THE PROBLEM: From the first line of the listing below to the line containing "6. Батарея 7,4", write out everything exactly. No pictures.

MATERIAL PROVIDED:
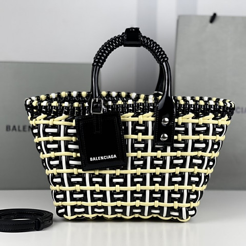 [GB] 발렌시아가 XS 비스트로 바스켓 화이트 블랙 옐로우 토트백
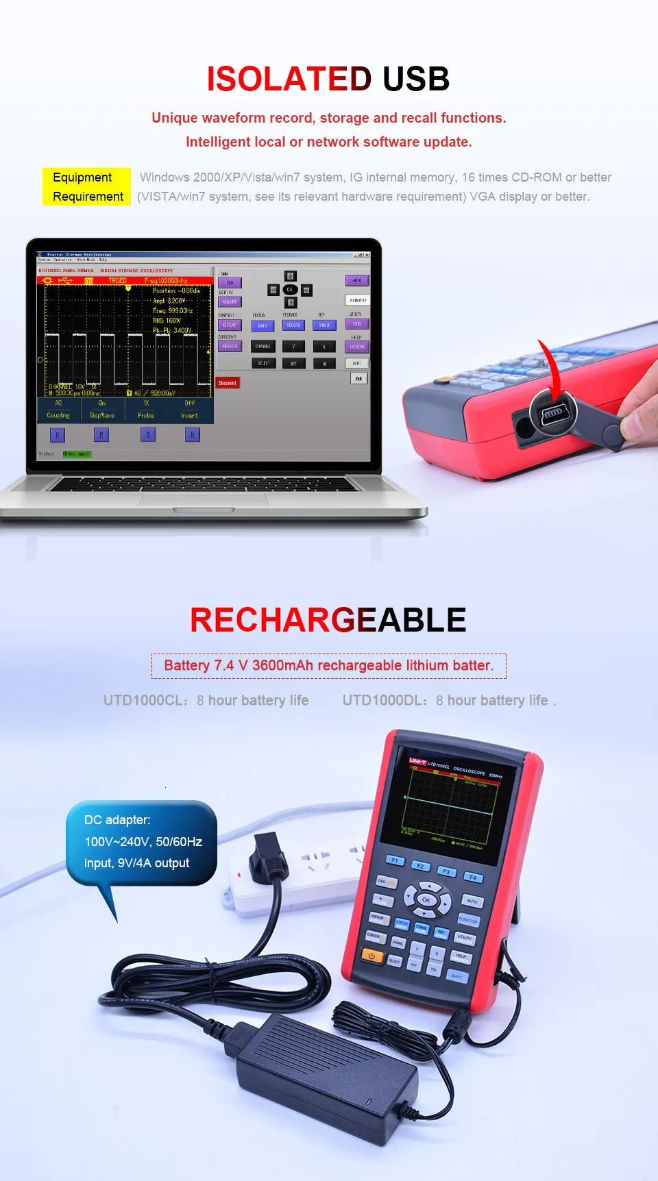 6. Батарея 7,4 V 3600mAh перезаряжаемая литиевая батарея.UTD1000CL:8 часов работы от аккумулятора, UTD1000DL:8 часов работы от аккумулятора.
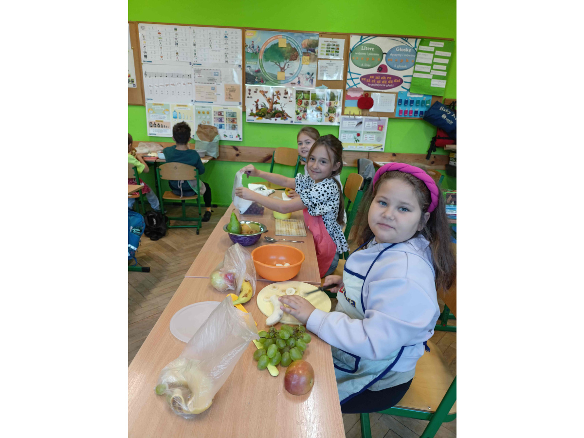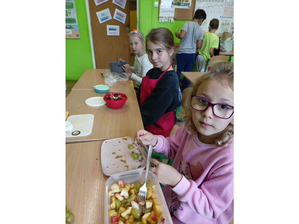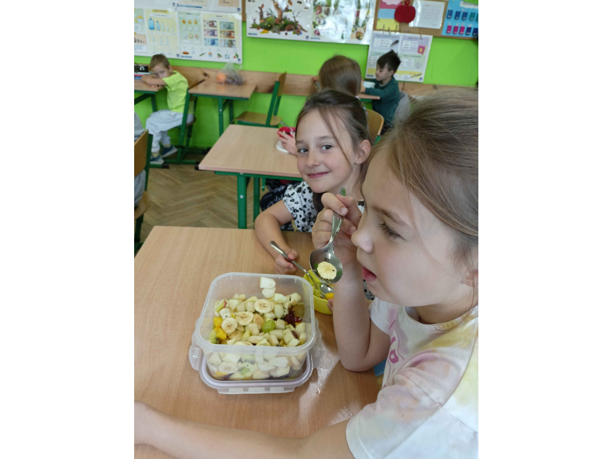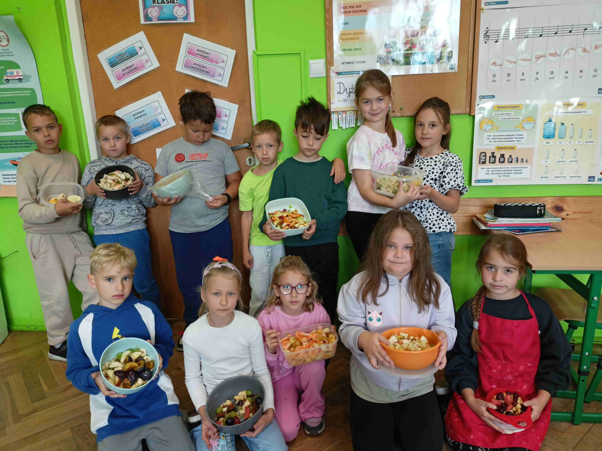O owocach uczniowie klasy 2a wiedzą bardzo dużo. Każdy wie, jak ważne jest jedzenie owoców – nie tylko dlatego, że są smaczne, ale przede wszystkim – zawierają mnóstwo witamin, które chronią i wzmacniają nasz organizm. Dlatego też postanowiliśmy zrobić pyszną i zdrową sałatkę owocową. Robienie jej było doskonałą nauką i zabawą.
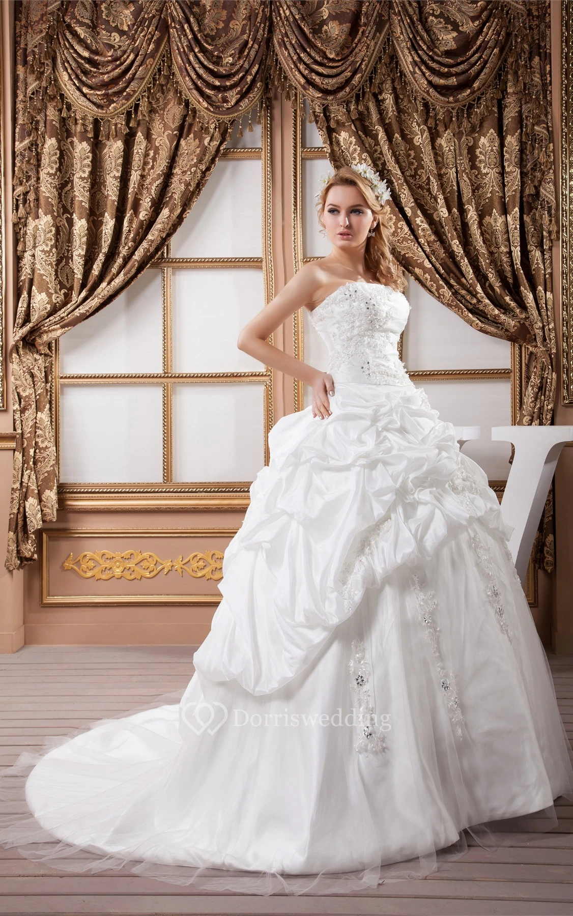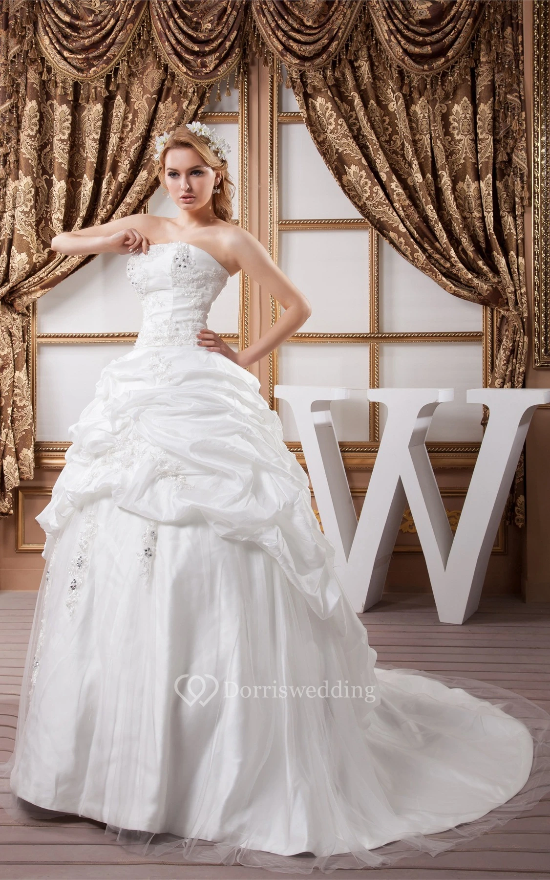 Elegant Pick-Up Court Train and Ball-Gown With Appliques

OUTPUT OF THE EXERCISE:
 [GB] 발렌시아가 XS 비스트로 바스켓 화이트 블랙 옐로우 토트백
 6. Батарея 7,4 V 3600mAh перезаряжаемая литиевая батарея.UTD1000CL:8 часов работы от аккумулятора, UTD1000DL:8 часов работы от аккумулятора.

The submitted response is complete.